Los primeros engrosaron un pelotón de 168 corredores, llegados desde los mejores equipos amateur de la península para participar en la 78 Clásica Ciclista Santa Cruz. La cita, convertida en la séptima de las ocho carreras valederas para la Copa de España, ofreció un bonito espectáculo de 160 kilómetros de recorrido y diez puertos puntuables, que reservaba para la final su gran prueba de fuego con la subida a Descarga. El catalán Eduard Prades, perteneciente al equipo Ayuntamiento de Tarragona, fue el vencedor de la carrera, con la que público y organizadores se mostraban más que satisfechos: «Nuestra única incertidumbre era el tiempo y hemos tenido la suerte de tenerlo de nuestra parte», apuntaban.
Marcando un ritmo distinto, pero levantando la misma expectación, se abría paso por las calles de Legazpi un vistoso desfile de carruajes de caballos. A la cabeza de la expedición figuraban ocho hermosos ejemplares, la mayoría de pura raza española, acompañados de algunos frisones holandeses y varios caballos cruzados. Tirados por ellos, iban luciendo carrocería cinco carruajes, cada uno procedente de un lugar distinto: «Han venido desde Fitero, Azagra, Milagro, Zarautz y Gabiria», explicaban Mariano Fernández y Marian Lasa, responsables del picadero Ormazarreta de Legazpi y organizadores del evento. «Queríamos traer algo diferente a las fiestas y pensamos en los desfiles de carruajes que habíamos visto en otros sitios, se lo planteamos al Ayuntamiento y estamos muy contentos con la acogida que hemos tenido», relataban.

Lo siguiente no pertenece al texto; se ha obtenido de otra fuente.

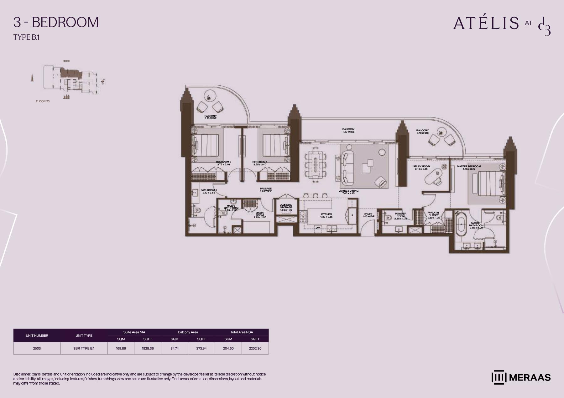 | Floor 25 | 3 Bedrooms + Study + Maid | Type B1 (Unit 2503) | 2202.30 Sq Ft | Apartments |

Los cinco carruajes, de corte campestre y modernos equipamientos, viajaban amarradados a los caballos con dos tipos de enganches: «Algunos van en limonera, tirados por un caballo, y otros en tronco, tirados por dos caballos», explicaban Marian y Mariano. El desfile se extendió por toda la localidad, dejando a los organizadores «con ganas de repetir».
También fue el día de la tamborrada infantil, en la que 165 niños recorrieron las calles capitaneados por el general, Andoni Carballo, y la cantinera mayor, Ane Mugerza. La cuadrilla ofreció sus mejores galas y sonrisas, en el sonoro estruendo de tambores que fue seguido por centenares de vecinos.

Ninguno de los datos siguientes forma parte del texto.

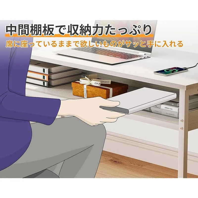 【ものをすぐに取り出せる中段収納】デスクの中間には幅73・奥行27.5cmの収納スペースがあり、身近に置きたい物品がちゃんと収納でき、欲しいものがサッと手に入れる。落下防止バーも付いているので安全にご利用いただける。限られたスペースで効率的な収納が実現できる。

Junto a todo ello, la banda, los txistularis, los bolaris, el tiro al plato, los bertsolaris y la rondalla de Legazpi animaron la segunda jornada festiva.

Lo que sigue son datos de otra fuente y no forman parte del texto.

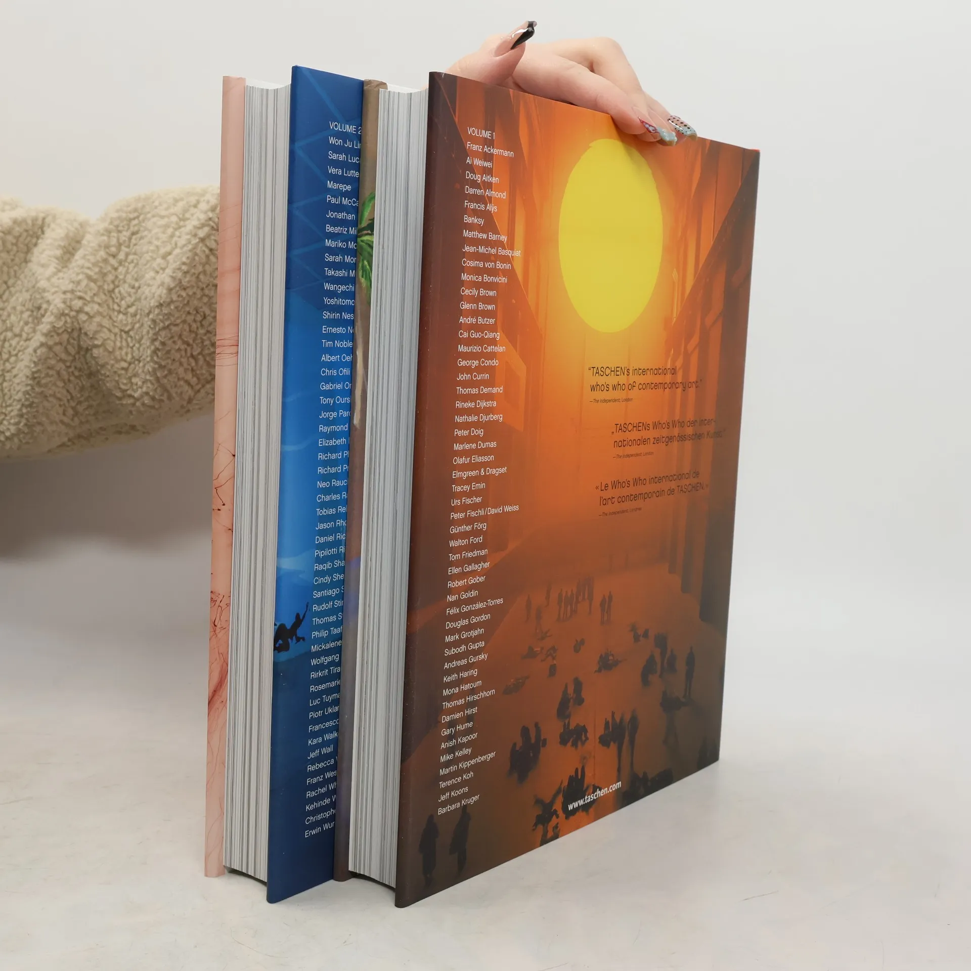 Diese zweibändige Sonderausgabe präsentiert die 100 wichtigsten Künstler aus dem TASCHEN-Titel Art at the Turn of the Millennium und den Bänden der Art-Now-Reihe. Sie dient als umfassender Leitfaden zur zeitgenössischen Kunst zu Beginn des 21. Jahrhunderts. Die Auswahl umfasst Werke von prägenden Künstlern wie Jean-Michel Basquiat, Marlene Dumas, Damien Hirst, Mike Kelley und Cindy Sherman sowie von herausragenden Künstlern der jüngeren Generation wie Glenn Brown, Natalie Djurberg und Mark Grotjahn. Zu den vertretenen Künstlern zählen unter anderem Franz Ackermann, Ai Wei Wei, Doug Aitken, Banksy, Matthew Barney, Cosima von Bonin, Cecily Brown, André Butzer, Cai Guo-Qiang, Maurizio Cattelan, George Condo, John Currin, Thomas Demand, Rineke Dijkstra, Peter Doig, Olafur Eliasson, Tracey Emin, Urs Fischer, Günther Förg, Tom Friedman, Ellen Gallagher, Robert Gober, Nan Goldin, Felix Gonzalez-Torres, Douglas Gordon, Subodh Gupta, Andreas Gursky, Keith Haring, Mona Hatoum, Martin Kippenberger, Barbara Kruger, Paul McCarthy, Beatriz Milhazes, Takashi Murakami, Wangechi Mutu, Shirin Neshat, Albert Oehlen, Chris Ofili, Gabriel Orozco, Richard Phillips, Neo Rauch, Charles Ray, Cindy Sherman, Thomas Struth, Kehinde Wiley, Christopher Wool und viele mehr.

Hasta el Día de Mirandaola
Quedan por delante tres intensos días de fiesta en Legazpi. Hoy se celebrará la IV Feria de Productos de Caserío y Ganado local, mañana tendrá lugar el día grande con la tradicional Ezpata Dantza y el domingo las celebraciones culminarán con la romería de Mirandaola, donde habrá ocasión de ver la ferrería en marcha y disfrutar de bertsolaris, dantzaris y una comida popular.